Dermal mesenchymal stem cells (DMSCs) are progenitor cells with the capacity of self-renewal, multilineage differentiation, and immunomodulation, which were reported to induce the proliferation of keratinocytes, however the regulation on keratinocytes apoptosis was unknown. In this study, we isolated DMSCs from normal skin and co-cultured with keratinocytes, and then detected apoptosis of keratinocytes by flow cytometry and expression of apoptosis associated proteins by western blot. The mRNA expression profile of normal DMSCs was investigated by RNA sequencing. The results of our study presented that the DMSCs promoted HaCaT cells apoptosis both in early apoptotic state (13.8 vs. 2.9, p < 0.05) and late apoptotic state (4.2 vs. 0.7, p < 0.05). The expression of apoptosis associated proteins caspase-3 (3.51 vs. 1.99, p < 0.05) and lymphoid enhancer-binding factor 1 (3.10 vs. 0.83, p < 0.05) were upregulated. However, the cell cycle protein cyclin E1 was similar (9.38 vs. 9.05, p > 0.05). Moreover, 33 genes with the function of induced cell apoptosis were highly expressed in DMSCs, including insulin-like growth factor-binding protein 4 (2828.13), IGFBP7 (1805.69), cathepsin D (1694.34), cathepsin B (CTSB, 1641.40) and dickkopf WNT signaling pathway inhibitor 1 (DKK1, 384.79). This study suggested DMSCs induce the apoptosis of keratinocytes through non-G1/S phase blockade via highly expression of apoptosis inducer.

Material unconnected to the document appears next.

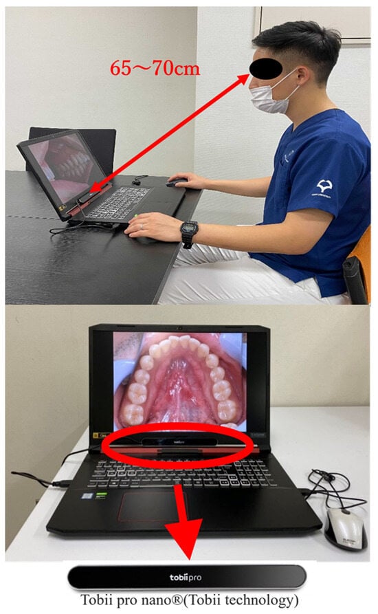 Upon calibration of the Tobii Pro Nano®, at eight points on the display, various intraoral photographs were randomly exhibited on a 17.3” full HD display (1920 × 1080) to simulate a real-world diagnostic environment. The participants were positioned at a distance of 65–70 cm from the screen to mimic a typical viewing distance in clinical practice. The participants were asked to examine each image freely, provide a clinical diagnosis, and name the potential disease. All procedures were approved by the Ethics Review Committee of the Osaka University Graduate School of Dentistry and Faculty of Dentistry Hospital (approval number: H29-E35-1). The gaze coordinate data for each photograph and the accuracy of the diagnostic results were then analyzed using Tobii Pro Lab® gaze analysis software version 1.217 (Tobii Technology Corporation, Tokyo, Japan). Any gaze points with a duration of less than 250 ms were excluded to ensure a reliable analysis of the gaze data, following established guidelines that an average gaze time of 250–300 ms is necessary for visual information to be processed by the brain [14,15].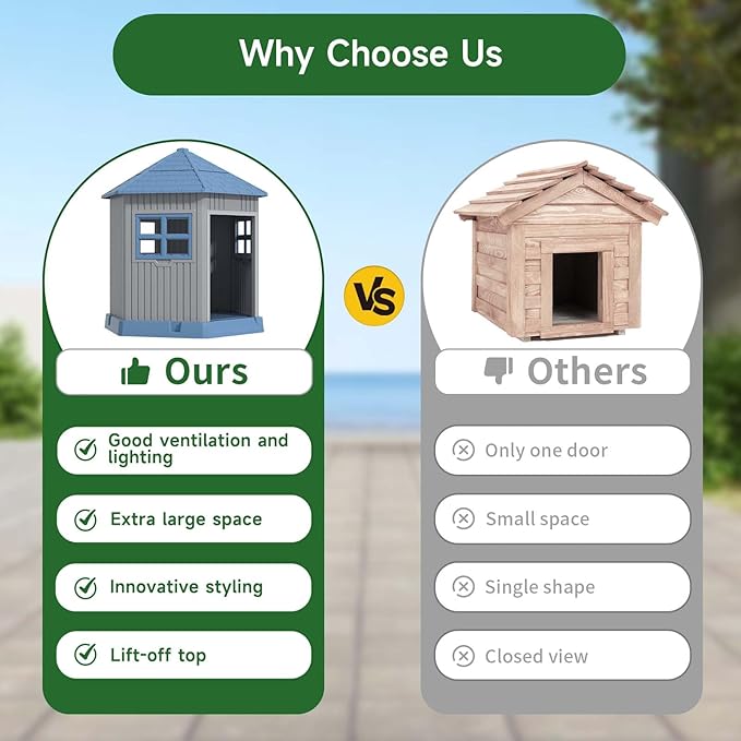 - STRONG AND DURABLE: Our plastic dog house is made of high quality resin material and fixed with buckles and screws. Sturdy structure and long service life provide a sturdy and durable place for your dog.

真皮间充质干细胞（DMSCs）是具有自我更新、多向分化和免疫调节能力的祖细胞，据报道可诱导角质形成细胞的增殖，但对角质形成细胞凋亡的调节作用尚不清楚。在本研究中，我们从正常皮肤中分离出 DMSCs 并与角质形成细胞共培养，然后通过流式细胞术检测角质形成细胞的凋亡，并通过蛋白质印迹法检测凋亡相关蛋白的表达。通过RNA测序研究正常DMSCs的mRNA表达谱。我们的研究结果表明，DMSCs 在早期凋亡状态（13.8 对 2.9，p  < 0.05）和晚期凋亡状态（4.2 对 0.7，p < 0.05)。凋亡相关蛋白 caspase-3 (3.51 vs. 1.99, p  < 0.05) 和淋巴增强子结合因子 1 (3.10 vs. 0.83, p  < 0.05) 的表达上调。然而，细胞周期蛋白细胞周期蛋白 E1 是相似的（9.38 对 9.05，p  > 0.05）。此外，33个具有诱导细胞凋亡功能的基因在DMSCs中高表达，包括胰岛素样生长因子结合蛋白4（2828.13）、IGFBP7（1805.69）、组织蛋白酶D（1694.34）、组织蛋白酶B（CTSB，1641.40）和dickkopf WNT 信号通路抑制剂 1 (DKK1, 384.79)。该研究表明，DMSCs 通过高表达凋亡诱导剂，通过非 G1/S 期阻断诱导角质形成细胞凋亡。